> Data to process
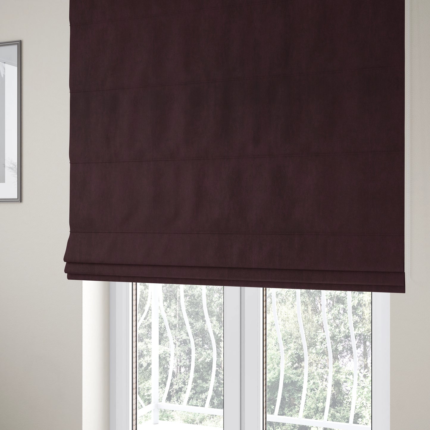 Introducing the Earley soft matt velvet chenille furnishing upholstery fabric in wine colour Roman blinds. Experience the luxurious softness and elegant texture of this fabric, perfect for creating stylish Roman blinds. Enhance any room with its beautiful wine colour, adding a touch of sophistication to your home decor.
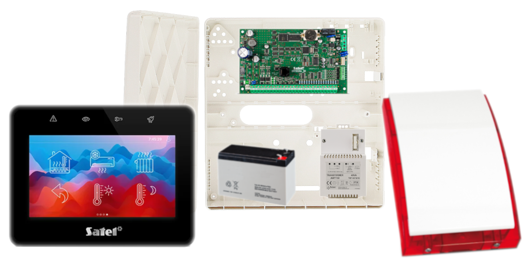 - 1x centrala alarmowa Satel INTEGRA 32 wraz z akcesoriami;
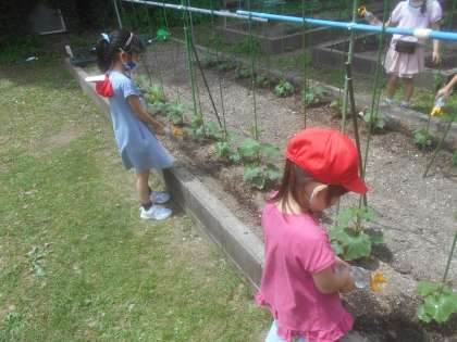 花が咲いたことに気がついた子は毎日欠かさず水やりをして,きゅうりの様子をじっくりと見ていたようです。
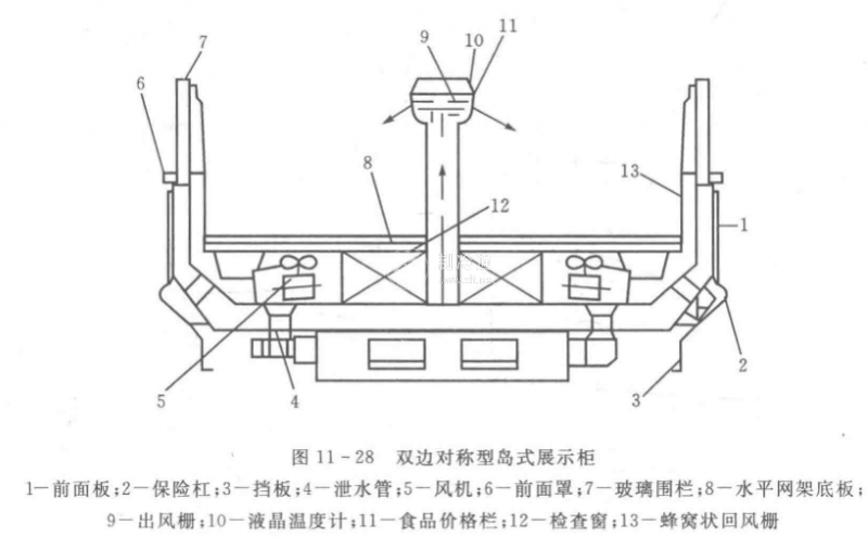 島式展示柜的壓縮冷凝機組多數單獨安裝在機房中,它有單邊型也有雙邊對稱型,雙邊對稱型如圖11-28所示,冷風從中間向兩邊吹送。單邊型島式展示柜取消了中間出風隔離,內容積相對較大,更適于大量存貨陳列。島式展示柜都為敞開式,置于超市商場中央,呈一字形排列,可長達數十米,顧客可以從四周選購食品,敞開的開口方便顧客選購。島式展示柜四周裝有高240 mm左右的玻璃圍欄,既有利于柜內溫度的穩定,減少冷量損失,又可以讓顧客多方位看清食品。
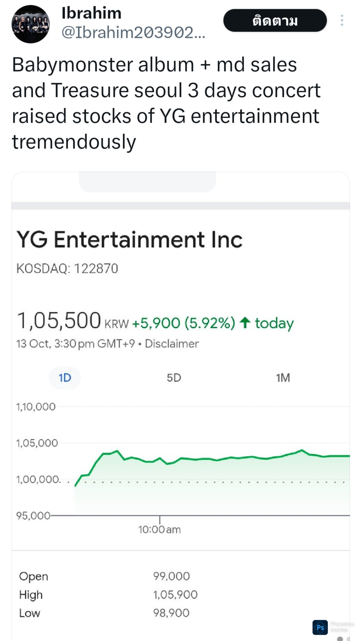 รายงานจากตลาดหลักทรัพย์เกาหลีขณะนี้ราคาหุ้น YG Ent.ทะลุ 100,000 วอนเป็นที่เรียบร้อยผลมาจาก BABYMONSTER และ TREASURE
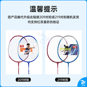 红双喜DHS羽毛球拍对拍2支装实惠训练羽拍双拍209/219(含手胶羽毛球)
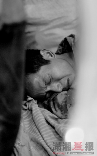 昨日,長沙香樟路方正汽車修理店,一輛正在修理的貨車突然滑行,老板娘被撞身亡。丈夫李先生抱著已經冰涼的妻子,悲痛不已。圖/記者張軼
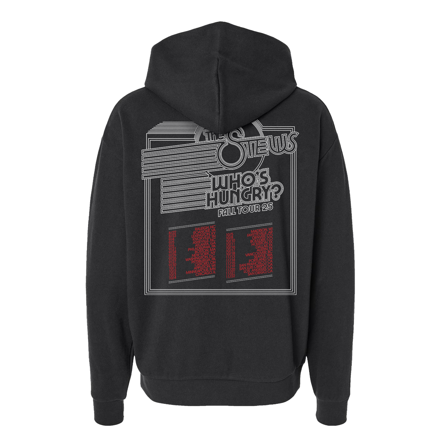 Fall 2025 tour hoodie with the dates on the back.

> Exercise instructions
Without carrying over any pictures, retype the records above exactly.

> Reply to the exercise
 Introducing the Earley soft matt velvet chenille furnishing upholstery fabric in wine colour Roman blinds. Experience the luxurious softness and elegant texture of this fabric, perfect for creating stylish Roman blinds. Enhance any room with its beautiful wine colour, adding a touch of sophistication to your home decor.
 - 1x centrala alarmowa Satel INTEGRA 32 wraz z akcesoriami;
 花が咲いたことに気がついた子は毎日欠かさず水やりをして,きゅうりの様子をじっくりと見ていたようです。
 島式展示柜的壓縮冷凝機組多數單獨安裝在機房中,它有單邊型也有雙邊對稱型,雙邊對稱型如圖11-28所示,冷風從中間向兩邊吹送。單邊型島式展示柜取消了中間出風隔離,內容積相對較大,更適于大量存貨陳列。島式展示柜都為敞開式,置于超市商場中央,呈一字形排列,可長達數十米,顧客可以從四周選購食品,敞開的開口方便顧客選購。島式展示柜四周裝有高240 mm左右的玻璃圍欄,既有利于柜內溫度的穩定,減少冷量損失,又可以讓顧客多方位看清食品。
 รายงานจากตลาดหลักทรัพย์เกาหลีขณะนี้ราคาหุ้น YG Ent.ทะลุ 100,000 วอนเป็นที่เรียบร้อยผลมาจาก BABYMONSTER และ TREASURE
 红双喜DHS羽毛球拍对拍2支装实惠训练羽拍双拍209/219(含手胶羽毛球)
 昨日,長沙香樟路方正汽車修理店,一輛正在修理的貨車突然滑行,老板娘被撞身亡。丈夫李先生抱著已經冰涼的妻子,悲痛不已。圖/記者張軼
 Fall 2025 tour hoodie with the dates on the back.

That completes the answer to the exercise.